Aldo Palazzeschi, all'anagrafe Aldo Giurlani, nasce a Firenze nel 1885. Compie studi tecnici e si diploma Ragioniere. Frequenta da giovane una scuola di recitazione e per qualche tempo fa l'attore nella compagnia di Lida Borrelli, ma interrompe presto quell'esperienza che non fa per lui.
Prende la strada della narrativa e avvia i primi tentativi di scrittore con un certo successo, piace infatti quel tocco di humour che riesce a trasfondere nelle sue opere e che suscita l'ilarità spontanea del lettore e dell'ascoltatore.
Si accorge di lui Marinetti che tenta di valorizzarlo nel movimento futurista, ma è un breve percorso il loro.
Alla iniziale fervida adesione al Futurismo , per cui scrisse nel 1913 anche un personale manifesto " Il Controdolore", Palazzeschi decide di staccarsene non condividendone l'ideologia interventista e nazionalista, il fanatismo eversore, l'esasperato tecnicismo.
Si dedica quindi esclusivamente alla sua attività di narratore. Dopo la morte dei genitori trasferisce il domicilio a Roma.
Vive però gran parte della sua vita a Firenze, con brevi soggiorni a Venezia, Parigi e Roma, dove muore il 17 agosto del 1974.
Nel panorama del novecento poetico italiano la sua produzione è di notevole importanza ed occupa oltre un cinquantennio. Scrive in poesia ed in prosa.
Tra le opere poetiche ricordiamo:I Cavalli bianchi , il suo primo volume di versi del 1905; Poesie, dal 1904 al 1914; L'incendiario del 1910, Cuor mio del 1968, Via delle cento stelle, del 1972.
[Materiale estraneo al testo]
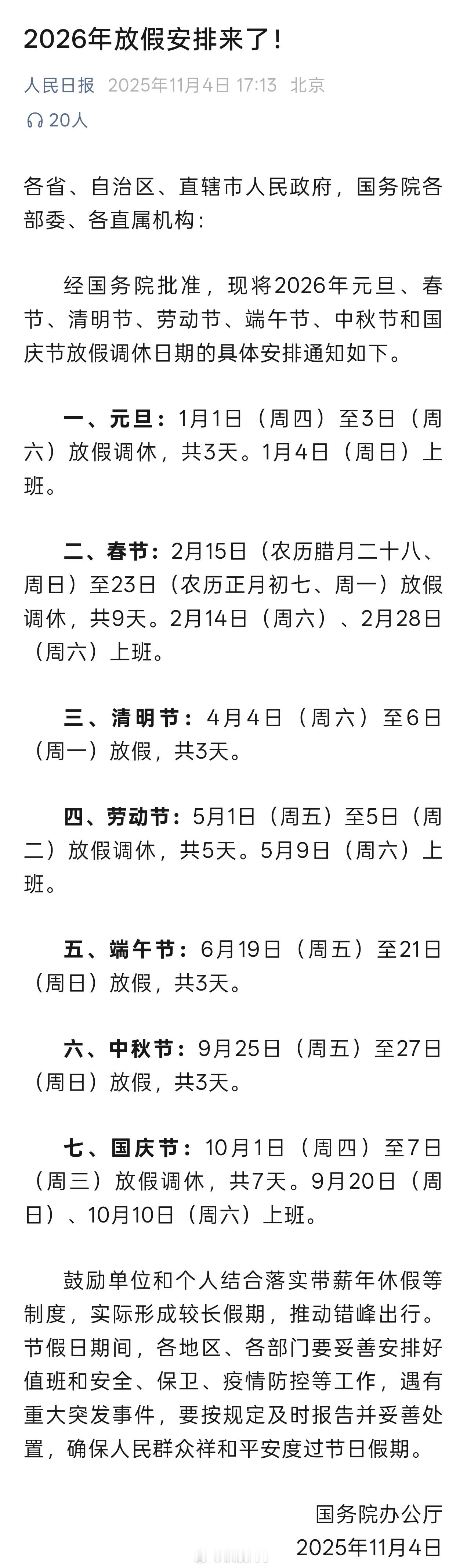 2026年放假安排了,省流版:
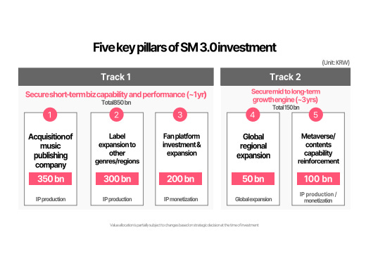 Expanding SM’s musical portfolio, both in Korea and outside of it, is of importance for SM 3.0, with an emphasis on expanding genres. A major goal is to secure a competitive artist pool, using the music publishing business as the engine for SM’s high growth. The goal is to become the number one company in the K-pop industry within the next three years. Considering that SM has fallen by the wayside in the face of the success of Hybe and, to a lesser degree, JYP, this is a lofty goal. If SM were to accomplish it, I doubt the SM that we’ve seen in recent years will feel like the SM we see by the end of 2025.

Opere di narrativa sono: Il codice di Perelà e I racconti di stampe dell'800, del 1932; Il palio dei buffi, del 1937; Il buffo integrale, del 1966; e i romanzi :
Le sorelle Materassi, del 1934; Roma del 1953; Il doge, del 1967; Stefanino del 1969, l’ultimo romanzo.
La prima stagione poetica di Palazzeschi è nel volume di “Poesie”, che raccoglie i componimenti che vanno dal 1904 al 1914.
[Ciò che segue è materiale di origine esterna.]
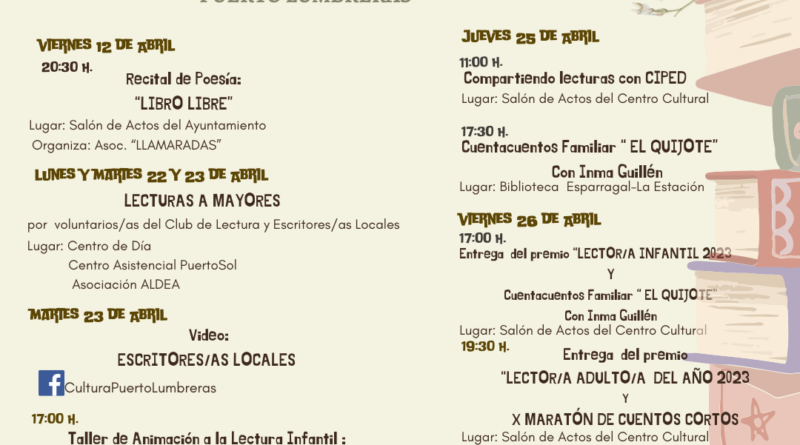 “Además, coincidiendo con la fecha exacta del Día Internacional del Libro, el 23 de abril, tendrá lugar la publicación de un vídeo con escritores y escritoras locales y que podrá verse en la cuenta oficial de Facebook de Cultura y Biblioteca de Puerto Lumbreras, Cultura Puerto Lumbreras, y a las 17:00 horas se celebrará el Taller de animación a la lectura infantil en la Biblioteca Municipal”.
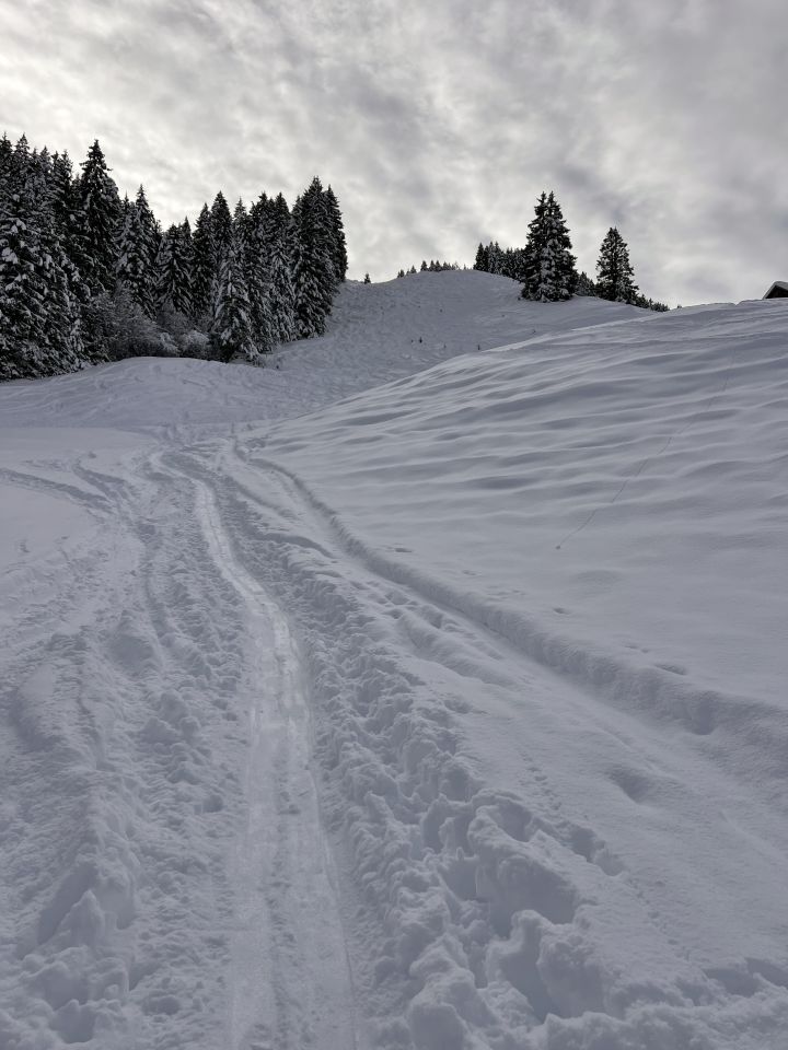 Ab Skidepot guter Trittschnee - wahlweise ist auch Skiaufstieg möglich.
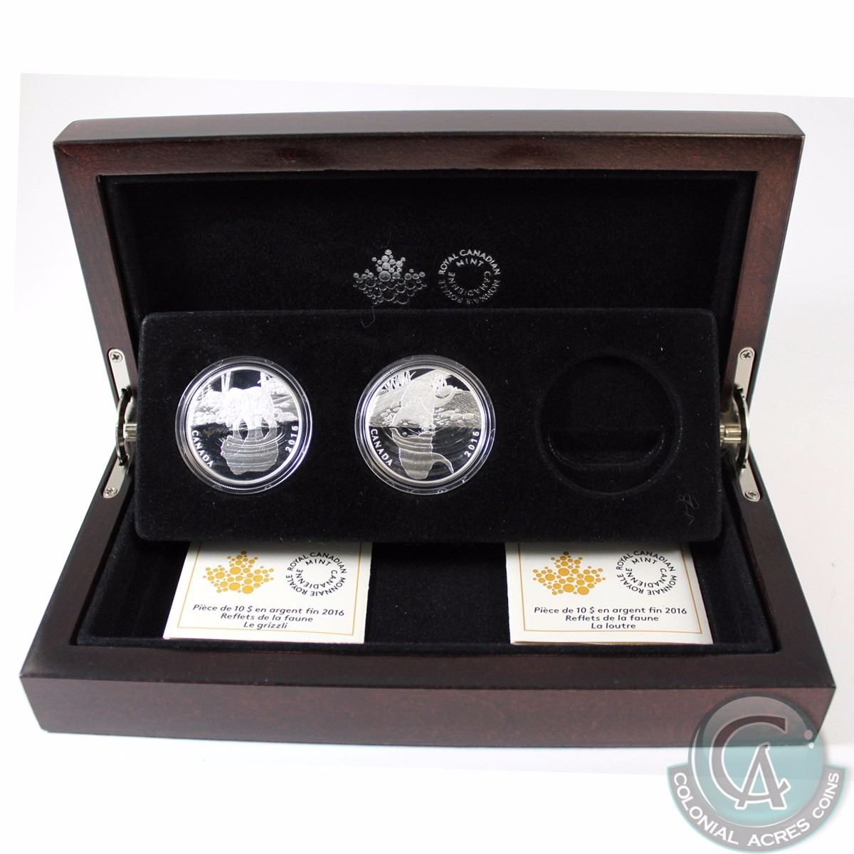 RCM Issue: 2x 2016 Canada $10 Reflections of Wildlife Fine Silver Coins in Original Display Case with COAs. You will receive the Otter & the Grizzly Bear (TAX Exempt)

Vi troviamo il temperamento d’uno scrittore - fantasista , inquieto e insodisfatto che si affida all’ironia pur non mortificando i sentimenti.
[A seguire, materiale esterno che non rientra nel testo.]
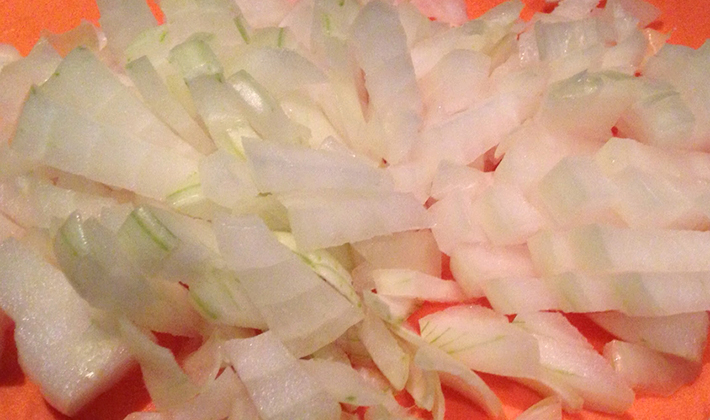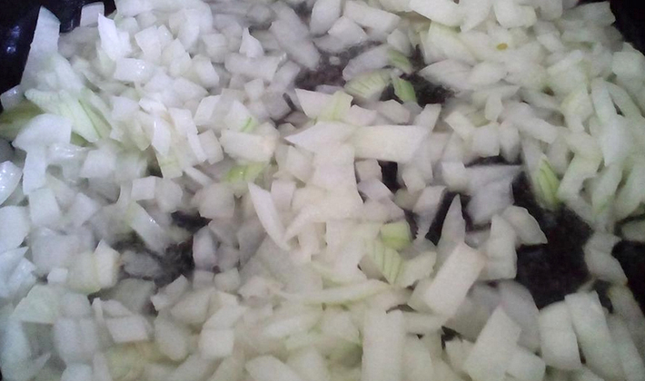 - Épluchez l'oignon, coupez-le en cubes et faites-le revenir jusqu'à ce qu'il soit tendre.

Non è diverso l’animo del poeta nella raccolta “Cuor Mio”, pur se ormai è trascorsa l’età bella della giovinezza e il poeta si ritrova ultraottantenne.
Il poeta ormai, come egli stesso scrive, “ creatosi una forma , resta prigioniero di quella cioè di se stesso”.
Non si ha pertanto traccia di nuove formule, o di nuove mode in “Cuor Mio”, ma più pacatamente il libero estro di una fantasia mossa dalle occasioni e dalle meditazioni, dalla nostalgia o dall’ironia, che resta sostanzialmente fedele a un’idea di poesia come libera invenzione della vita e della realtà, seppure attraverso lo strumento divertente e demistificante del linguaggio, e ciò lo aggrada, perché, come scrive Ferdinando Camon, gli appare, “ un mezzo disinfettante di quel tanto di falso e di poco intelligente che è nella vita quotidiana e nella nostra società”.
La prima giovanile esperienza poetica rivela un’ironia surreale , leggera ed arguta, che s’impone sulla malinconia, sulla nostalgia, e più che autocompianto si fa sberleffo.
In quest’ottica la poesia “Chi Sono?,tratta dal volumetto “Poemi” del 1909, ci presenta, ma solo in apparenza, un autoritratto in negativo del poeta, infatti egli in fondo è almeno il saltimbanco della sua anima.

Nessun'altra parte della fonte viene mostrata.